# How to Make Money Selling Pens



## OldWrangler (Feb 19, 2009)

Eureka!!!!!

I finally discovered the secret of How to Make Money Selling Pens.

While searching some websites like AS and Woodturningz, I went to order and discovered I only had about $40 in my bank account. Naturally I charged them to Kathy's credit card. That was over 2 months ago and she has not said anything about 2 charges totaling over $300. Since then I have made a couple of Ebay purchases and also charged them to her card.  Still nothing said.  At this point I gotta tell you she handles money really good and seems to maintain a real healthy balance in her account. She is also a real sweetheart and usually lets me get away with this kind of stuff.

Well sir, I just made my rounds of the 4 retailers in this area that handle my pens and picked up about $400 in payments. That got tucked away.

Now that amounts to nothing going out and profit from sales coming in. I ain't real smart but it seems like that $400 is 400% profit. Finally a way to Make Money Selling Pens.


----------



## jedgerton (Feb 19, 2009)

George,

That sounds like a great business plan!  Can we get that charge card number as well :biggrin:

John


----------



## markgum (Feb 19, 2009)

how nice of your accountant.:biggrin: 
Hopefully she won't send a bill with late payment fees.


----------



## CaptG (Feb 19, 2009)

George, I had that same plan going last year.  All I can say is....................................
......................................................................................you will never see it comming and you are going to pay.    Dearly.      Very dearly.    Sigh.........


----------



## OldWrangler (Feb 19, 2009)

So far, so good!!!!!


----------



## jackrichington (Feb 20, 2009)

that is very funny..gave me an early morning giggle..my day is now offically started on a positive


----------



## Gordon (Feb 20, 2009)

I wish the Secretary of the Treasury was an elected position.  I'd vote for you.


----------



## Dario (Feb 20, 2009)

George,

Be very careful...you know these Texas women, they know how to inflict pain...


----------



## OldWrangler (Feb 20, 2009)

Oh, I know all about these Texas women. Mine was born in Dallas so she is cowgirl thru and thru. 

Whe we first got married I told her I wanted to see the house clean, the wash done and dinner on the table every nite when I got home.

The first day I didn't see any difference.

The second day I didn't see any changes either.

Then on the third day, the swelling in my left eye went down some and I could see a little light but still not enough to avoid her if she came at me again.

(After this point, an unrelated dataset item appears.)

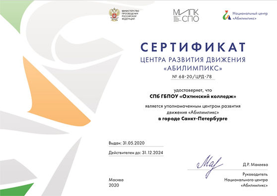 Региональный центр развития движения «Абилимпикс» был создан в 2017 году на базе ГБНОУ «Дворец учащейся молодёжи Санкт–Петербурга» и с 2019 года переведен в СПБ ГБ ПОУ «Охтинский колледж».
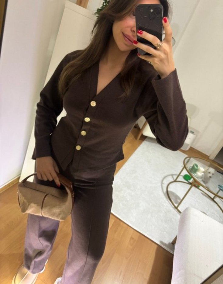 Kahverengi deri kadın takımı, V yakalı, uzun kollu ve düğmeli ön tasarımla ofis için uygun trend bir görünüm sunar.

Love them cowgals!!!!!!!!!


----------



## bitshird (Feb 23, 2009)

George, would you consider being the Secretary of Commerce? your operation seems to be the most sound financial plan I've heard in the past year, and a great stimulus to the art of commerce, I just hope the CFO doesn't catch on too soon, Them Texas women were the ones that built the state into what it is, They's tough, pretty but tough, and most are good shots.


----------



## spiritwoodturner (Feb 23, 2009)

George, as Forrest Gump's Drill Sergeant said,

"GUUUMP, you're a G** D*** genius! If it wasn't such a waste of a fine enlisted man, I'd make you a candidate for OCS!".

If you need a place to stay when this all shakes out, I have an extra room. That's if you're lucky. Your accounting system sounds similar to Bernie Madoff's!

Dale


----------



## Tn-Steve (Feb 23, 2009)

I don't know about that plan.   True Story, from when I used to live in Tacoma, WA years ago.

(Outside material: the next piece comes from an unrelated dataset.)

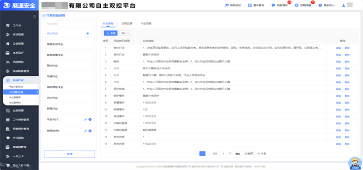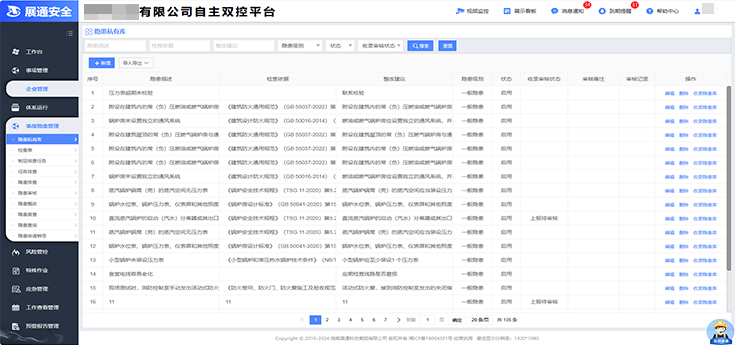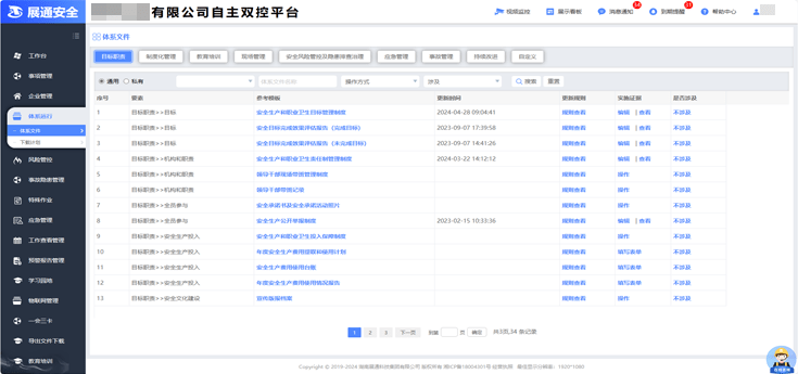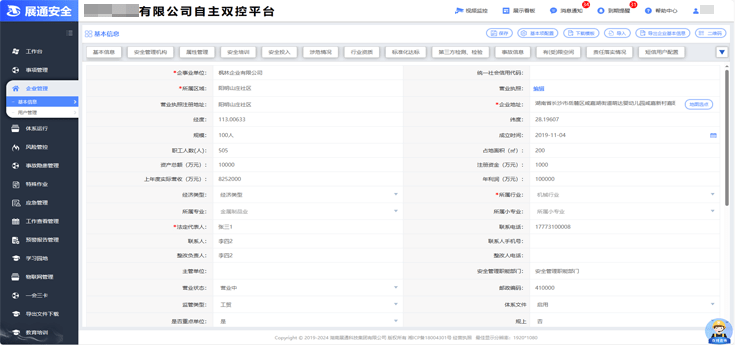系統(tǒng)提供企業(yè)基本信息、安全管理架構(gòu)、安全投入、涉危情況、行業(yè)資質(zhì)、安全培訓(xùn)、職業(yè)衛(wèi)生、涉塵涉爆、有(受)限空間、第三方檢測、檢驗等15個功能模塊,可根據(jù)企業(yè)實際情況進行選用。

    The county ran a mulching operation.  You paid 10 bucks to them for each pickup load of of clippings, wood, etc that your brought in.  (in other words, they got the raw material AND Money in the front door)

    They had 2 guys that moved their lips when they thought (and they didn't move them often), a chipper and a fork lift / front loader (low overhead)  Their duties were "Chip up the big stuff, put it in a pile, stir the piles once and a while"

    They charged you 50 bucks to take away the mulch when they were done making it.  (Not a highly complex process by any means)

So, They get Raw Material in, PLUS MONEY, minimal Expenses during the process, they get MONEY for you to take away what would otherwise end up in the landfill, and they still claimed that they were loosing money each year.

GRINS,

Steve W


----------



## Mather323 (Feb 24, 2009)

Sounds like the federal bail out!   How do I sign up!


----------



## workinforwood (Feb 25, 2009)

Gordon said:


> I wish the Secretary of the Treasury was an elected position.  I'd vote for you.



Doesn't sound like he reported that income..so he'd be a good political candidate for sure!


----------



## TexasSteel (Mar 1, 2009)

workinforwood said:


> Doesn't sound like he reported that income..so he'd be a good political candidate for sure!




 I thought they were already doing that to us....LoL!!!


----------



## TellicoTurning (Mar 1, 2009)

Do you know Madoff??

:laugh::laugh:


----------



## ngeb528 (Mar 5, 2009)

Too funny!  Can I charge to her account too?  ;-)

Nancy


----------